We attempted to use IMP-1 (50), which has strong hydrolysis activity towards a broad range of beta -lactams including penems, for measurement of the intact cell permeability of P. aeruginosa. We constructed a plasmid, pKMF014, in which the IMP-1 gene from pMS363 (17) was inserted into the ompF-carrying pKMF010. Furthermore, the IMP-1 gene-carrying pKMF016 was constructed from pKMF012 and used as a control.
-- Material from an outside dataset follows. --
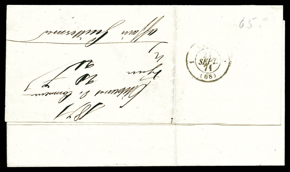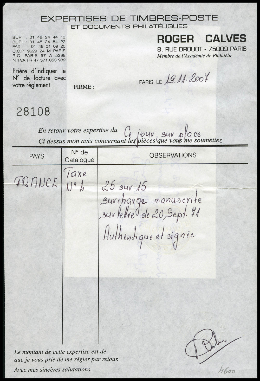 2137 imageN°4A, 25c surcharge manuscrite sur 15c noir (suite au changement de tarif du 1er septembre 1871) obl càd du 20 septembre 1871 sur lettre locale de LYON. SUPERBE. R.R. (signé Calves/certificats) Qualité: Oblitéré Cote: 4600 euros (Image) (imagea) (imageb) (All Images)
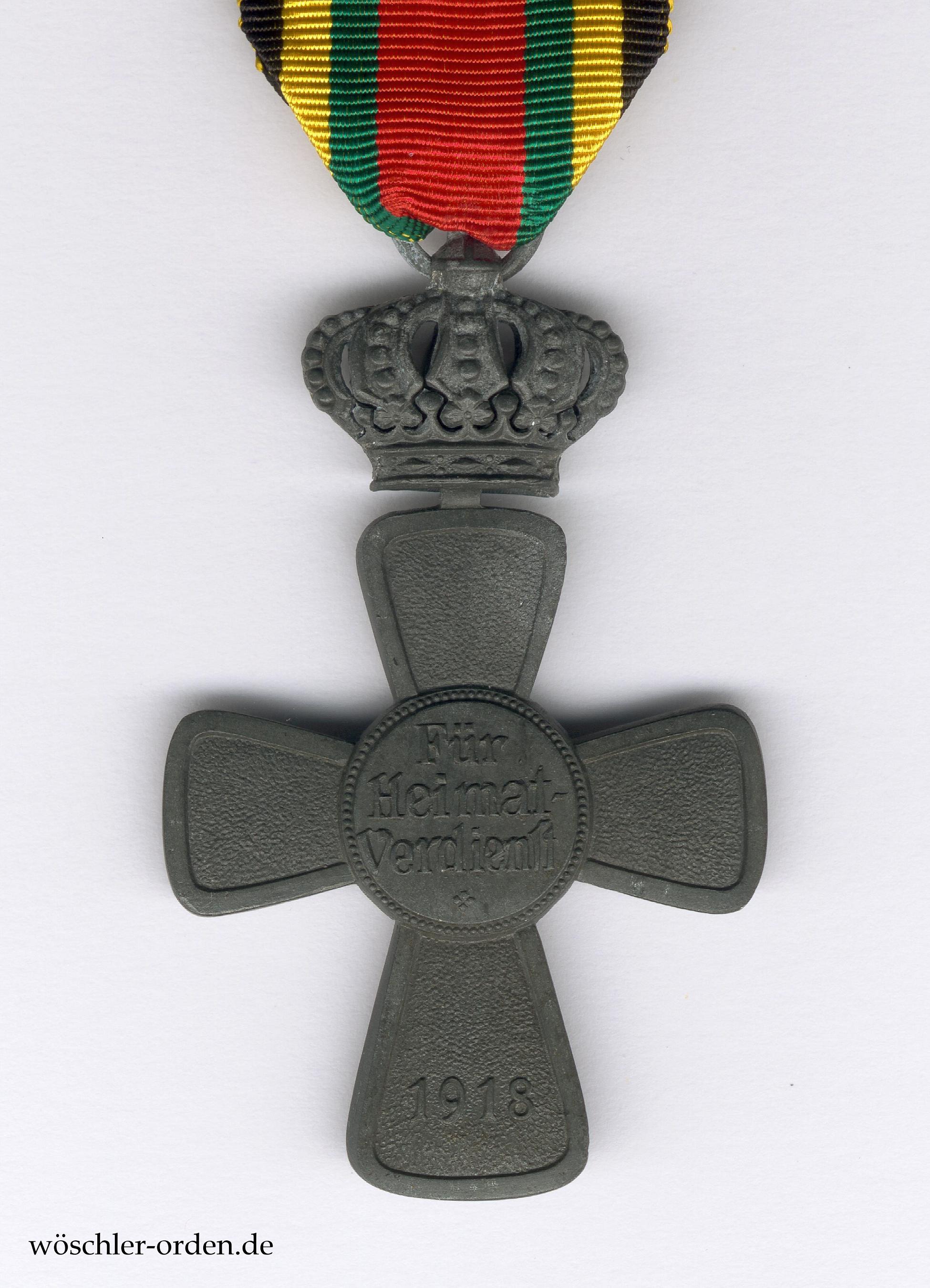 Das Ehrenkreuz für Heimatverdienst, bei von Hessenthal und Schreiber als „Verdienstkreuz für Heimatverdienste während der Kriegsjahre 1914/18“ bezeichnet, wurde durch Großherzog Wilhelm Ernst am 27. Januar 1918, dem Geburtstag Kaiser Wilhelm II., „für Männer ohne Unterschied des Ranges und Standes, die während des Kriegs mittelbar oder unmittelbar im Interesse der Kriegsführung und in der Förderung gemeinnütziger Bestrebungen Hervorragendes geleistet haben“ gestiftet. Ferner konnte „es solchen verliehen werden, die sich während des Krieges in der Heimat um Uns und Unser Land im besonderen Maße verdient gemacht haben“. Insgesamt können 366 Verleihungen belegt werden, darunter 348 bis zum Ende der Monarchie. Die tatsächliche Zahl dürfte zumindest etwas höher liegen.

Intact cell permeability experiments (46) with P. aeruginosa strains transformed with these plasmids demonstrated that the faropenem and sulopenem rates of permeability through the outer membrane of P. aeruginosa PAO1 were 30 and 10%, respectively, of that of imipenem, which possesses strong antipseudomonal activity (Table 2), and that OmpF expression increased the permeability rate of imipenem, faropenem, and sulopenem by 2.9-, 1.8-, and 5.1-fold, respectively. However, the presence of pKMF016 alone in the tested strains did not change the permeability to any agents tested. The permeability of the outer membrane was only slightly affected by either deficiency or overexpression of the MexAB-OprM efflux system (refer to KG2225/pKMF014 and OCR1/pKMF014 in Table 2), indicating that the permeability in our experimental protocol was not affected by MexAB-OprM.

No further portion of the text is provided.